甘酒は、なぜ「飲む点滴」と呼ばれるのか?
人気管理栄養士・森由香子さんによる連載コラム「老けない人は何を飲んでいる?」。今回は夏の季語でもある「甘酒」に注目! 「飲む点滴」「飲む美容液」と言われる人気の健康ドリンクですが、一体どんな栄養成分が含まれているのか? 詳しく解説します!
甘酒は、古くから日本人に親しまれてきた栄養ドリンク
「日本書記」のなかに、吉野の国樟(くす)国人が来朝し、醴酒(こさけ)〈甘酒〉をつくり天皇に献じたという記載があります。また、「甘酒売り」は、江戸の風物であり、甘味料の少ない時代には、人気の高い庶民の飲み物でありました。
そして今、現代の日本では「飲む点滴」「飲む美容液」といわれるほど滋味深い健康飲料として大人気となっています。

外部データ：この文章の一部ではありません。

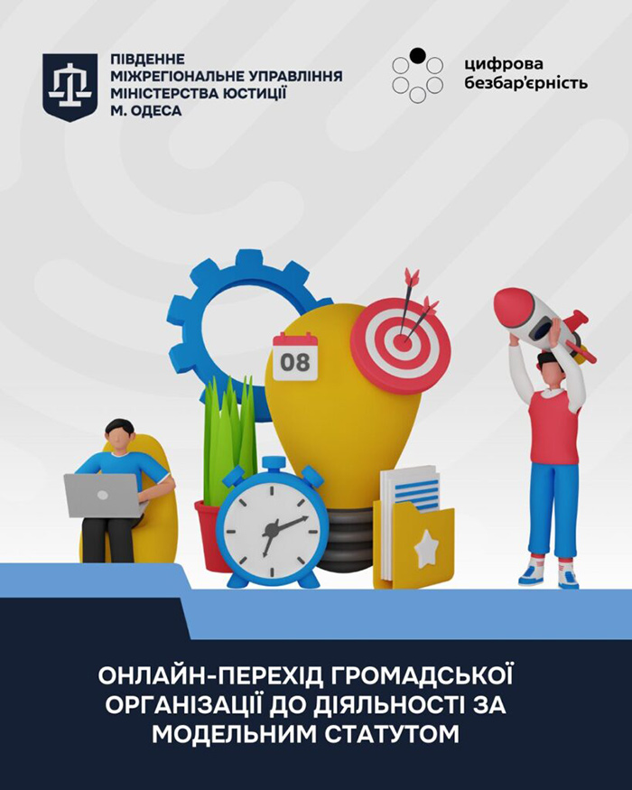 Південне міжрегіональне управління Міністерства юстиції (м. Одеса) розповідає, що оцифрування реєстраційних процедур поступово змінює правила гри для громадського сектору, роблячи державні сервіси простішими, зрозумілими та доступнішими для кожного. Нині громадські організації можуть перейти до роботи за модельним статутом без черг, паперової тяганини та фізичних бар’єрів – онлайн через портал Дія.
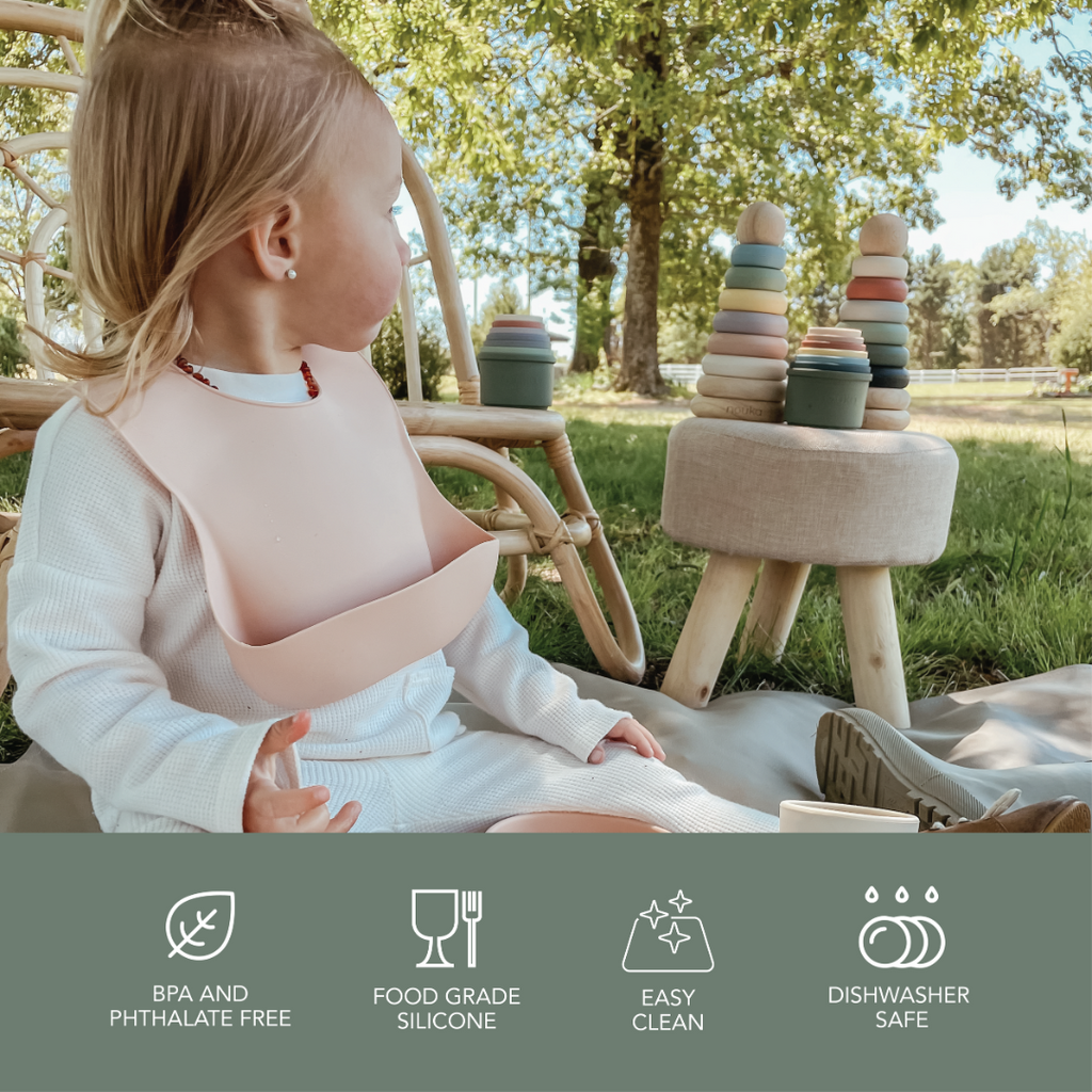 Protect from spills and messes with noüka’s Silicone Bib. These silicone baby bibs are waterproof to prevent leaks and keep your little one dry and comfortable throughout mealtime. A deep pocket catches crumbs, drips, and drools for less mess. Simply wipe clean after meals or wash in the dishwasher to always have a clean bib on hand. Made from durable, long-lasting food grade silicone, the Silicone Bib is available in an array of calming, modern colors and prints for your little one.
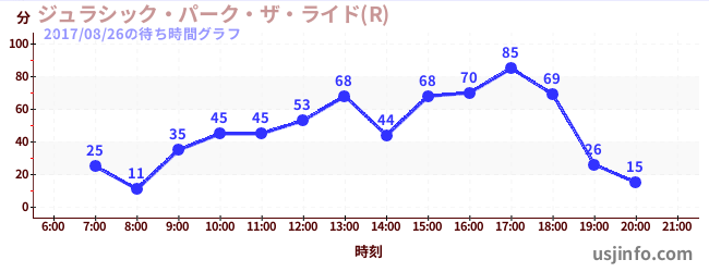 • ジュラシック・パーク・ザ・ライド(R)$B$N(B2017年08月26日の待ち時間
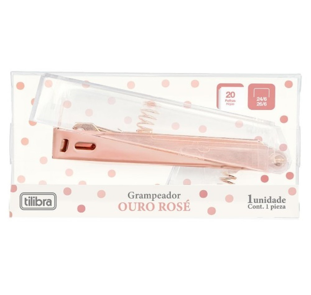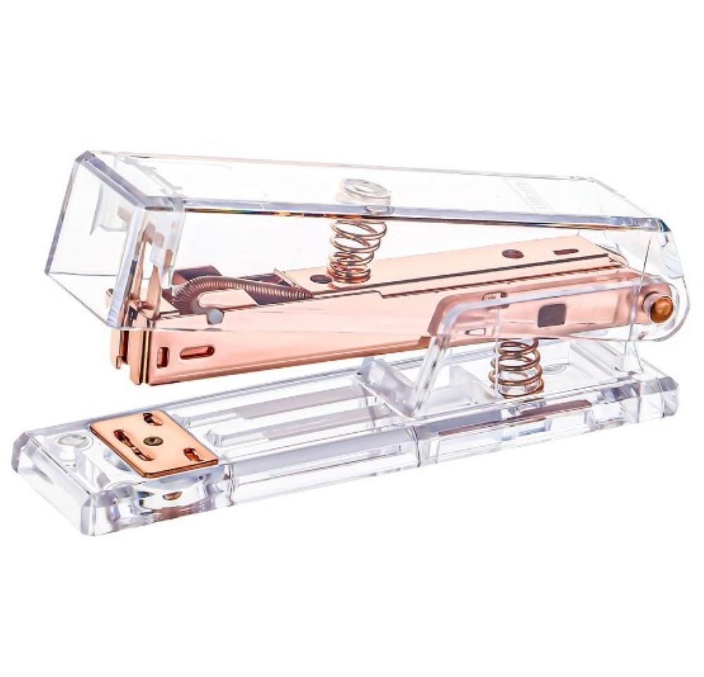 Um belíssimo grampeador feito de acrílico, com um design contemporâneo e curvilíneo, apresenta um tamanho considerável. Aprimore a decoração do seu home office com uma coleção completa desses itens. Todo o corpo é revestido em ouro rosa, não incluindo grampos. Os grampos padrão, disponíveis em qualquer papelaria, são compatíveis com este produto. Observa-se que, devido às variações de lote, a cor pode ser mais intensa ou mais suave. Este modelo está disponível apenas na forma arredondada, com dimensões de 12 centímetros.
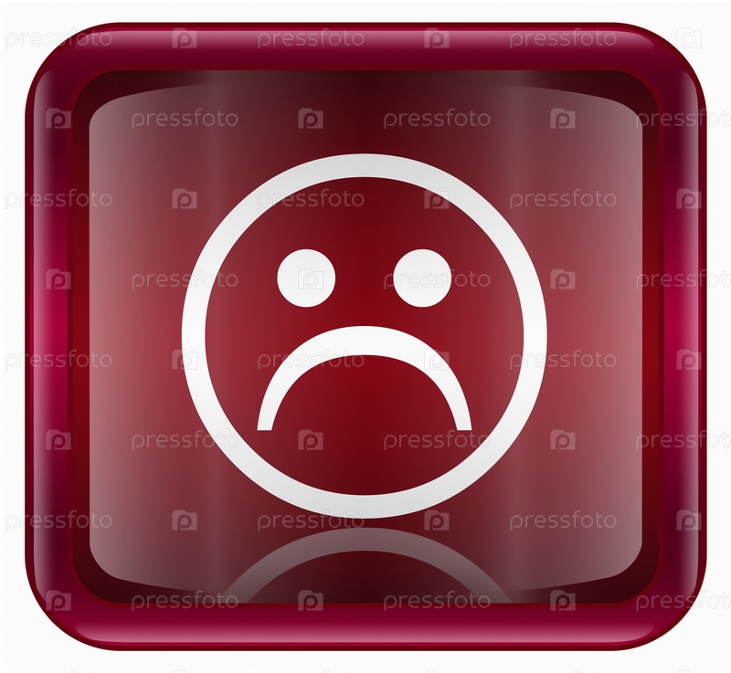 Темно-красная веб-иконка с изображением грустного смайлика, изолировано на белом фоне

コンビニやスーパーへ行くと、米麹タイプ、酒かすタイプ、液体、フリーズドライ、玄米、発芽玄米、黒米など様々な原料から作られた甘酒が陳列され、選ぶのにも迷ってしまうぐらいの品揃えとなっています。
9種の必須アミノ酸をすべて含有する甘酒
では実際に、どんな栄養成分が含有されているのか、みていきましょう。
まず、体内で合成できない9種類の必須アミノ酸がすべて含まれています。必須アミノ酸は、皮膚、筋肉、臓器などのカラダを構成する成分や、酵素、ホルモンの原料となります。肉、魚、卵、大豆製品に豊富に含まれている栄養素です。
【必須アミノ酸】
- リジン
- フェニルアラニン
- ロイシン
- イソロイシン
- メチオニン
- バリン
- スレオニン
- トリプトファン
- ヒスチジン
コップ1杯の甘酒で、腸内環境が整う?
「プロラミン」です。 プロラミンは、人間の消化器官内で消化吸収されにくい難消化性たんぱく質の一種で、コレステロール低減や便通改善効果があります。2018年の金沢工業大学の尾関健二教授の研究室らが発表した報告によると、米麹と米のみから製造されている甘酒コップ1杯(約150ml)には、ヒトで機能性を発揮できるプロラミン量が含まれているとのことです。
また甘酒には、食物繊維や、善玉菌のエサとなるオリゴ糖も含まれていますので、腸内環境を整えることにも有効です。腸の粘膜は免疫細胞が集中しているため、腸内環境が良ければ免疫の活性化を高める効果も期待できます。
ほかにも、ビタミンB1、B2、ナイアシン、ビタミンB6、葉酸などのビタミンB群、ナトリウム、カリウム、カルシウム、マグネシウム、鉄、亜鉛、銅、マンガンといったミネラルも含まれカラダの代謝を円滑にすすめてくれる成分がたくさん含まれています。
このように甘酒には、カラダに有効な様々な成分が高く含有されています。「飲む点滴」「飲む美容液」といわれるのが、納得できます。
甘酒を上手に取り入れて、夏バテも予防!
ストレートに飲むのもよいですが、ヨーグルト、牛乳、豆乳に混ぜ合わせたり、調味料として煮物、汁物に利用するのも味わい深くなります。凍らせてシャーベットにしていただくのもおすすめです。炭酸水で割ってのむのもおいしいですね。
甘酒は100gでカロリー約80Kcal(食品成分表)、糖質約18gと少し高めですので、摂りすぎに注意しながらお楽しみください。
※記事の情報は2019年7月17日時点のものです。